Só nesta parte, os hóspedes têm seus gostos alimentares e isso influencia no ânimo deles. Por isso, sempre ter os pratos preferidos de cada um prontos é uma boa, pois não se pode animar eles com abraços indiscriminadamente. Como são humanos por dentro, às vezes eles dizem que gostaram da comida, mas você checa o histórico e vê que disseram isso por educação, para não te desapontar quando, na verdade, odiaram.

A Thunder Lotus sempre fez arte desse tipo e a riqueza de detalhes é de cair o queixo, com a intenção de marcar com muita qualidade a memória dos jogadores. Em Spiritfarer, eles capricharam.

Essa é a ponta do iceberg da grande missão de compreender o que aconteceu para que essas pessoas aparentemente simpáticas e gentis estarem presas no belo e paradisíaco Limbo que o estúdio Thunder Lotus criou para nos impressionar.
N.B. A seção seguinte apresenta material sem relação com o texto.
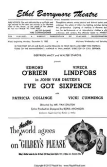 I've Got Sixpence is a 1952 play by the British writer John Van Druten. The plot follows two girls who are roommates and their contrasting relationships with men.

Falando em impressionante, temos belos desenhos à mão sempre bem animados, como os dois títulos anteriores, Jotun e Sundered. Para quem ainda não conhece, este estúdio sempre fez arte desse tipo e a riqueza de detalhes sempre foi de cair o queixo, com a intenção de marcar com muita qualidade a memória dos jogadores. Em Spiritfarer, eles capricharam. Às vezes, uma simples pescaria à tarde mostra um belo pôr do sol, ou quando chove e temos uma bela noite estrelada. Isso, somado aos efeitos especiais e trilha sonora, faz com que o título mereça uma nota no mínimo 10 nestes quesitos.
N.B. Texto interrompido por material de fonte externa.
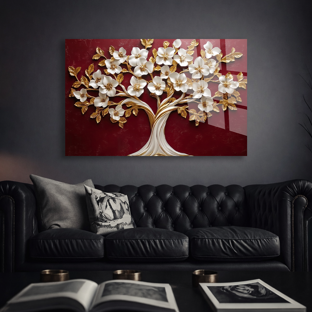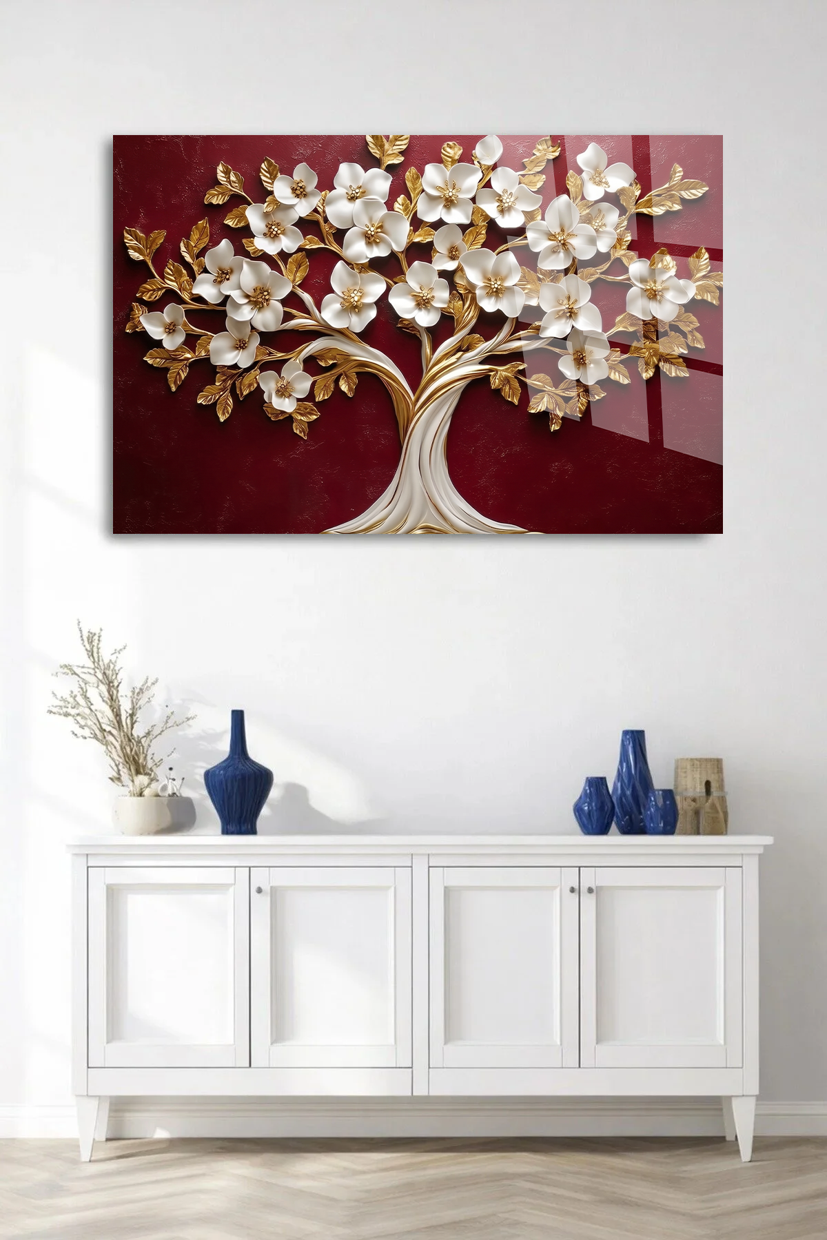 KIRILMAZ CAM TABLO , MODERN DUVAR DEKORASYONU KIRMIZI ZEMİN ÇİÇEKLİ AĞAÇ EV OFİS HEDİYESİ

Os comandos funcionam bem e você não vai encontrar nenhum bug atrapalhando sua movimentação, seja no barco ou explorando as ilhas atrás de gente complicada para ajudar. O maior incômodo é o ajuste da câmera, que às vezes abre um zoom desnecessário ou não enquadra adequadamente, escondendo partes dos balões de texto. Fora isso, tudo funciona corretamente e existem muitas configurações, evoluções, variações e mini-games para se divertir enquanto constrói sua história como uma barqueira carismática, diferente do anterior.

Se fosse para opinar em melhorias, seria bom ter mais configurações da personagem Stella, nem que fosse somente alteração de cores, ou contagem de dias, e se possível, que a parte de tocar violão para as plantas fosse menor. Fora isso, podemos dizer que esta é mais uma obra-prima criada para impressionar e marcar as pessoas, com aventuras que fazem pensar e emocionar, servindo de analogia para como lidar com elas e superar as despedidas inevitáveis da vida.
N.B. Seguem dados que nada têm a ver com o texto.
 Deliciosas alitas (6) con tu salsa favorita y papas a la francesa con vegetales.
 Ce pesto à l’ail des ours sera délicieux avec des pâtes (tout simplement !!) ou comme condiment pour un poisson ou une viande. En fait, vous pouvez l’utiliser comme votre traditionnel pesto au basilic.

Corra, salte duplamente, plane, converse, cozinhe, plante, toque uma música, colha, compre, venda, desafie raios, águas-vivas, dragões, decepções, mentiras sociais, funda metais, serre árvores, pesque, sorria, e no final, abrace. A vida atarefada de Stella mais parece uma punição, mas não passa de uma referência à nossa, para quem batalha, corre atrás, sofre, resolve problemas e se permite agradar e abraçar, com coragem e determinação, para fazer a diferença na vida de quem gostamos antes da inevitável despedida. Quem não se satisfez em vida consegue outra chance se o Spiritfarer fizer a diferença, para não se ficar preso no Limbo.

Claro que a intenção dos criadores não foi dar lição de moral ou pagar de coach da felicidade para quem acredita que o universo conspira ao seu favor, e sim, mostrar que existe todo tipo de gente. As imagens de animais facilitam a comunicação e reduzem o ruído no entendimento mais simples e óbvio possível, que já existia em uma antiga canção que diz: “todo mundo se machuca, todo mundo chora”.

O jogo foi testado no PC, em cópia cedida pela Thunder Lotus Games.